## PROBLEM STATEMENT
What you return must be the exact lines of the material below, from the first through the one that has "ノートパソコンを持つ上半身の女性会社員のシンプルなイラスト素材", with no pictures and, please, nothing else.
● ● ● ●
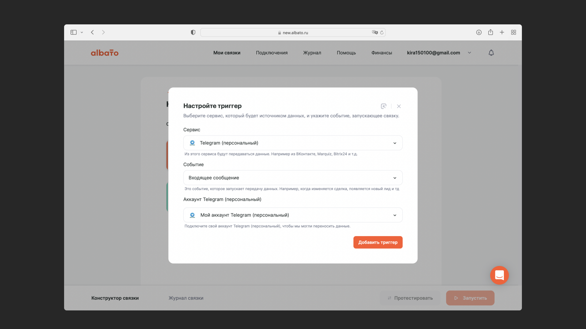 Примечание: В Albato можно добавлять условия для прерывания или продолжения работы связки (то, в каких случаях данные будут передаваться, а в каких — нет). Это можно сделать через фильтр входящих данных, который находится внутри кнопки с триггером. Подробнее о нем — в статье Albato.
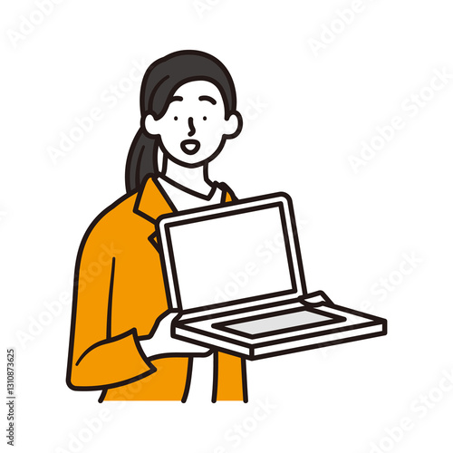 ノートパソコンを持つ上半身の女性会社員のシンプルなイラスト素材
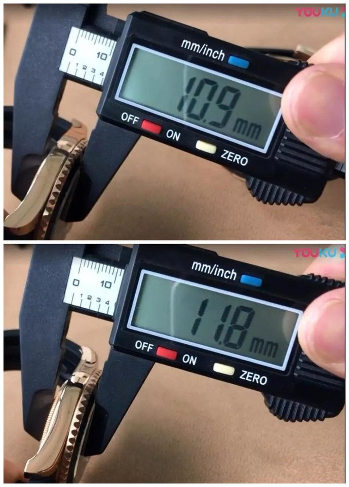 VS表径和原版一样都为40mm,我们来看一下厚度。原装厚度为10.9mm,而VS的比原装厚了0.9mm,在有专业卡尺测量的情况下,厚度也不失为一种快速鉴别的方法。
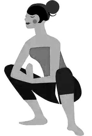 做蹲姿时,双脚与肩同宽,尽量脚跟贴地。双手合十,双手肘抵住大腿膝盖内侧,背挺直,尽量打开胸口。停留7~10个呼吸,最后以婴儿式休息。若没有瑜伽垫,也可直立休息。
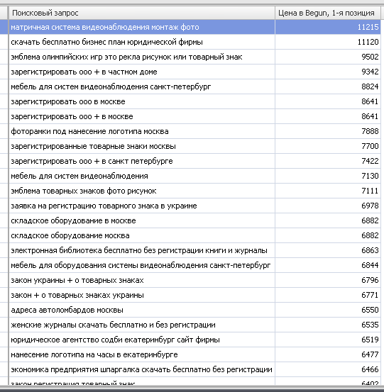 Например, можно сделать выборку по базе «самые дорогие запросы в Бегуне». Выглядит она следующим образом:
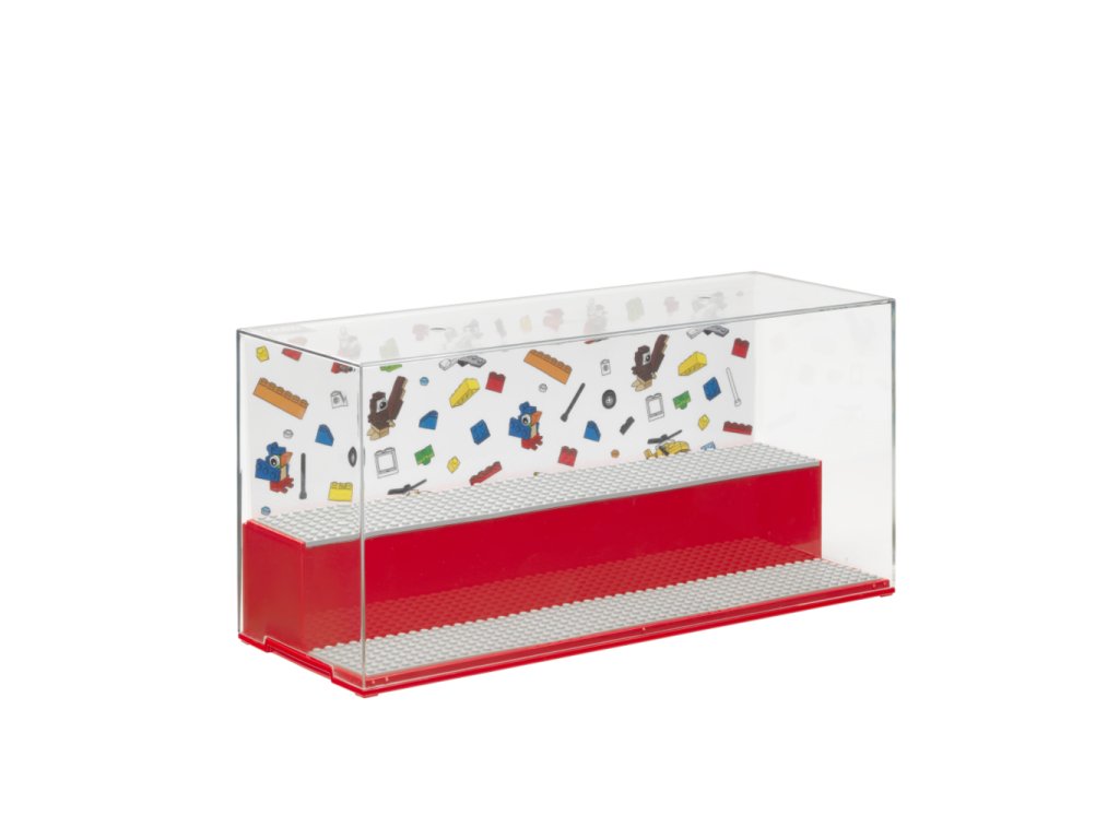 Štýlová, plne uzavretá vitrínka s dvoma schodmy a 6 podložkami pre vloženie LEGO minifigúrok. Bavte sa a uchovajte svoje LEGO stavby v tomto novom úložnom boxu. Súčasťou balenia je 6 originálnych šedých základových LEGO podložiek a dve kulisy s pozadím. Priehľadný kryt chráni LEGO výtvory pred prachom.
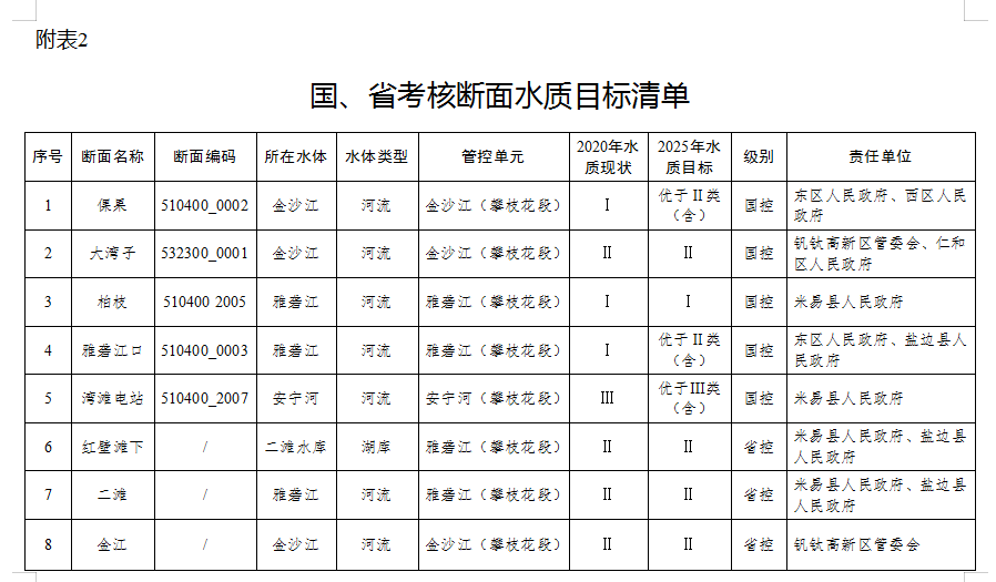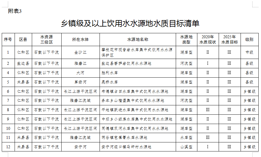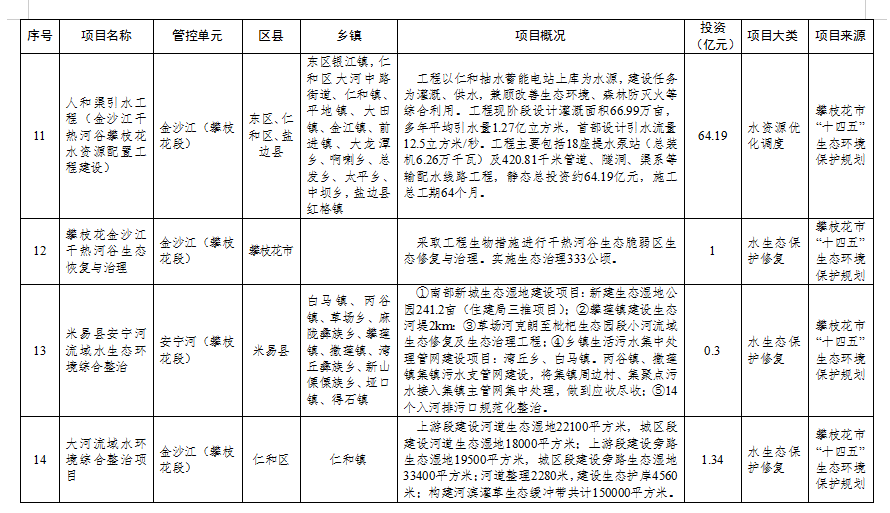 攀枝花市人民政府辦公室關于印發《攀枝花市“十四五”重點流域水生態環境保護規劃》的通知
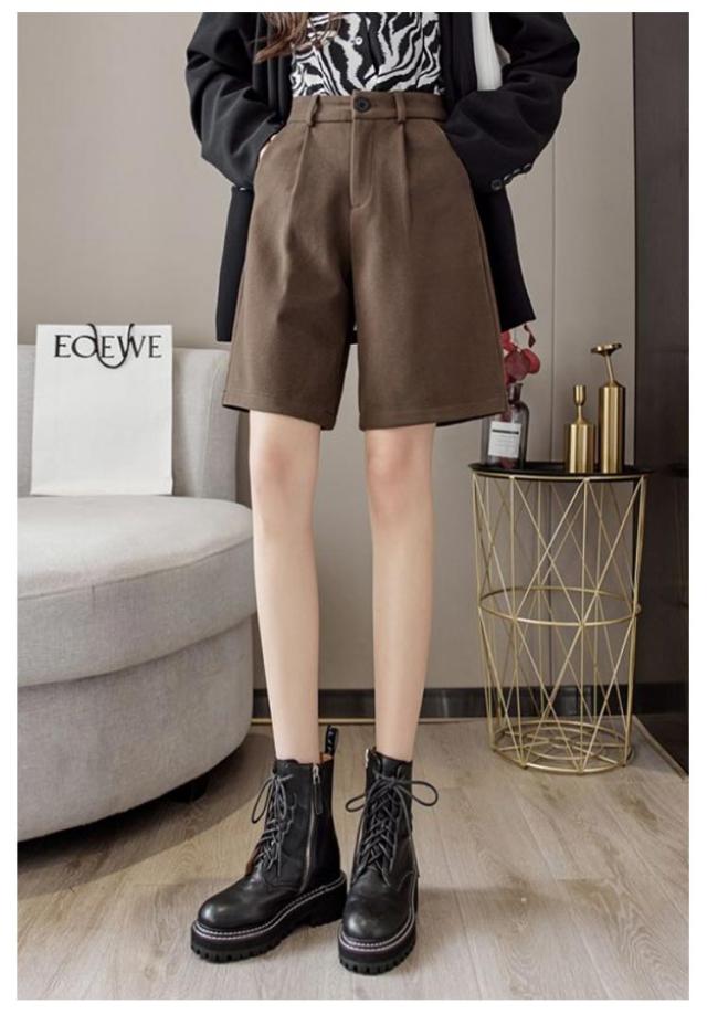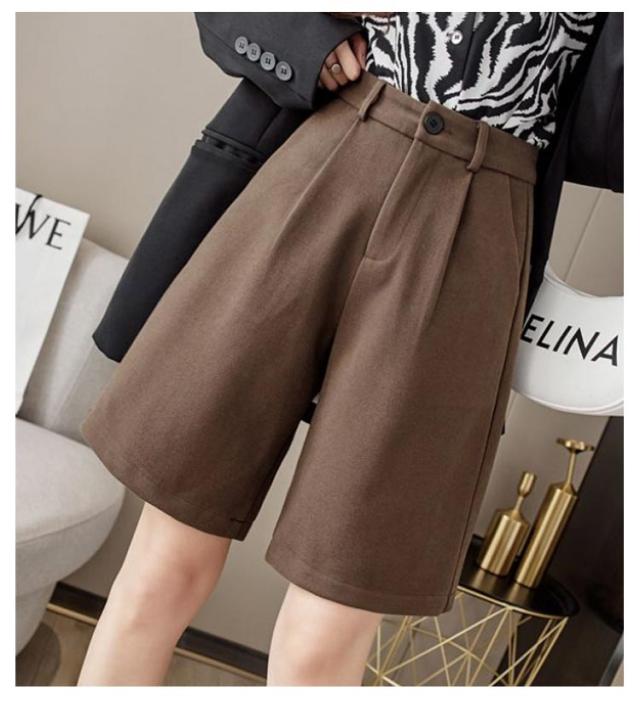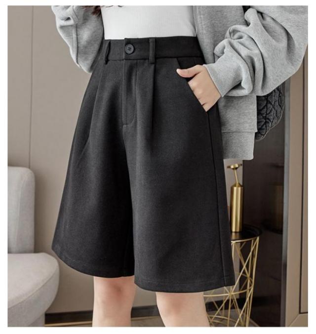 ハーフパンツ ウールタッチ レディース ワイドパンツ フェイクウール ショートパンツ 五分丈 厚手 防寒 暖かい 秋冬 春秋 ワイド パンツ カジュアル シンプル ビジネス シンプル 大人可愛い 秋 冬 大きいサイズ 送料無料
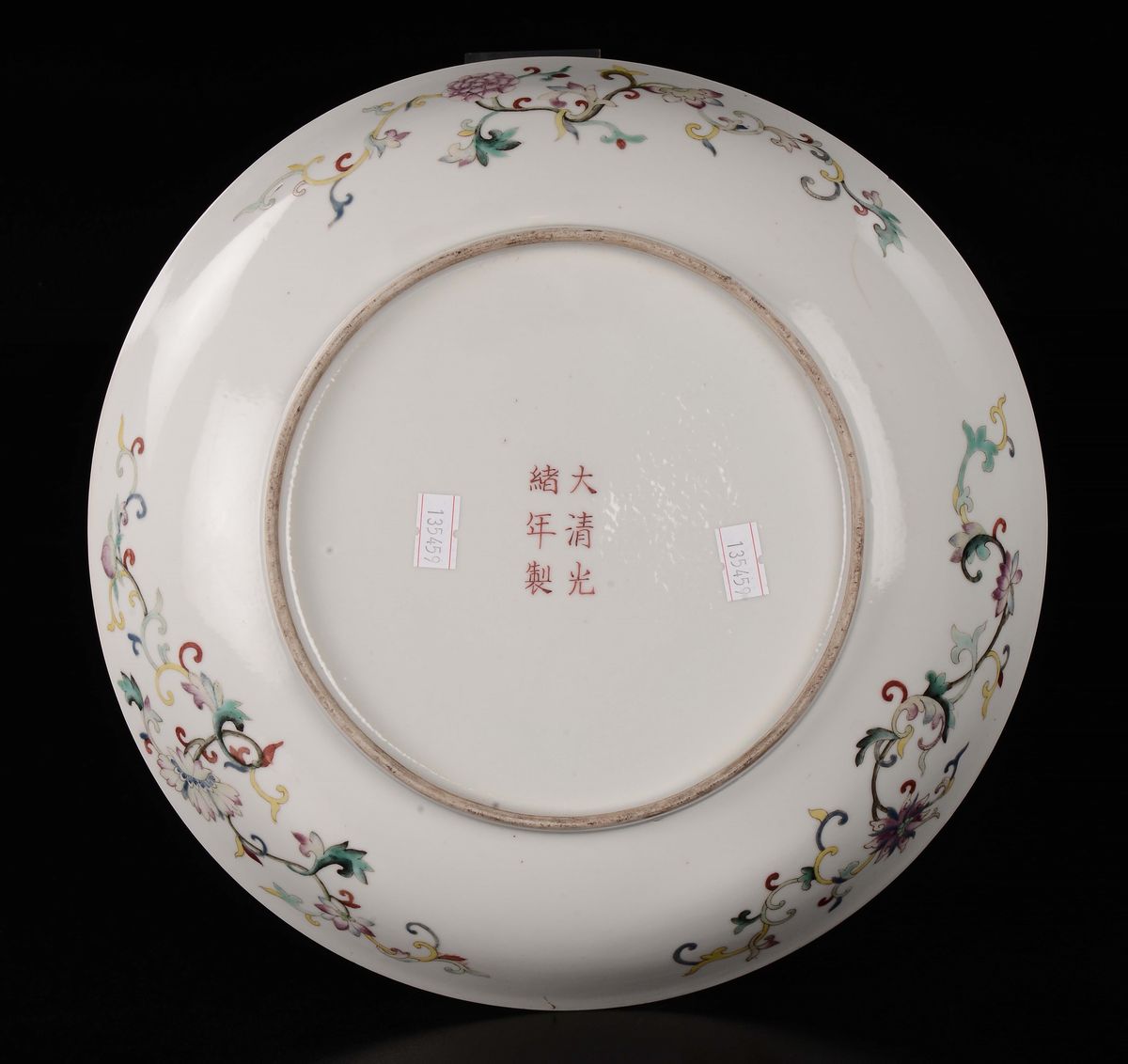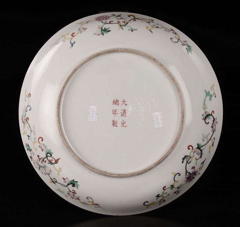 A yellow-ground polychrome enamelled porcelain dish with bats, China, 20th century
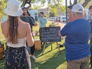 La música de fondo acompañó el encuentro, había quienes aprovechaban para recorrer la feria de emprendedores locales que se extendía alrededor del lugar con productos artesanales, otros se acercaban a leer los carteles con dibujos o explicaciones sobre la Libertad de los Ríos distribuidos en distintos puntos y otros participaban de los talleres.
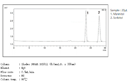 歐洲藥典EP和日本藥典JP規(guī)定,分析甘露醇使用Ca型強陽離子交換柱,色譜柱尺寸7.8*300mm,甘露醇與山梨醇的分離度達到2以上。同樣對應(yīng)Shodex SUGAR SC1011-7F,能夠符合歐洲藥典/日本藥典的要求。
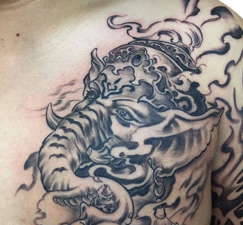 当前位置: 首页 >辽宁省营口市纹身店-80_MD_tattoo纹身图案>象神前胸纹身图片
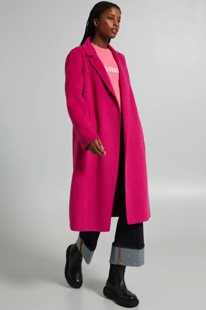 Cappotto lungo dalla linea dritta realizzato in doppio panno di misto viscosa stretch, con collo a rever, maniche lunghe, tasche laterali a filettone e allacciatura tramite cintura coordinata. Capo sfoderato.
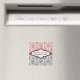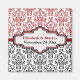 Imã salve a data casamento tema damasco vermelho preto. A parte superior é de cor damasco vermelha e branca e a parte inferior é de preto e branco. Uma faixa vermelha separa as duas partes. Seu texto é digitado em um rótulo elegante com contorno branco e vermelho.
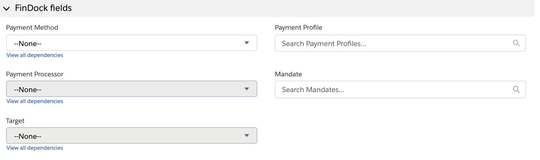 - Creating a new donation/opportunity on the contact for the incoming payment, fill out the fields as you normally would, but leave FinDock fields (Payment Method, Processor, etc.) blank.
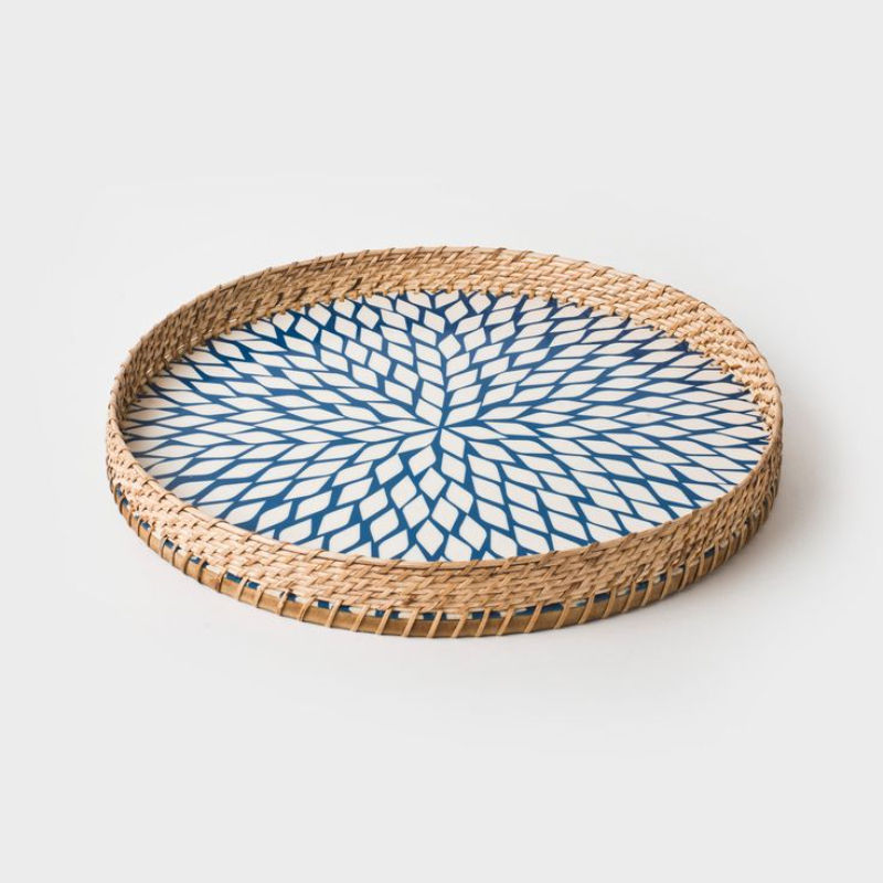 Bandeja redonda decorativa de ratán con acento de mármol Estilo moderno elegante hecho a mano Ideal para servir bebidas Aperitivos y exhibición
● ● ● ●
## WRITTEN SOLUTION
 Примечание: В Albato можно добавлять условия для прерывания или продолжения работы связки (то, в каких случаях данные будут передаваться, а в каких — нет). Это можно сделать через фильтр входящих данных, который находится внутри кнопки с триггером. Подробнее о нем — в статье Albato.
 ノートパソコンを持つ上半身の女性会社員のシンプルなイラスト素材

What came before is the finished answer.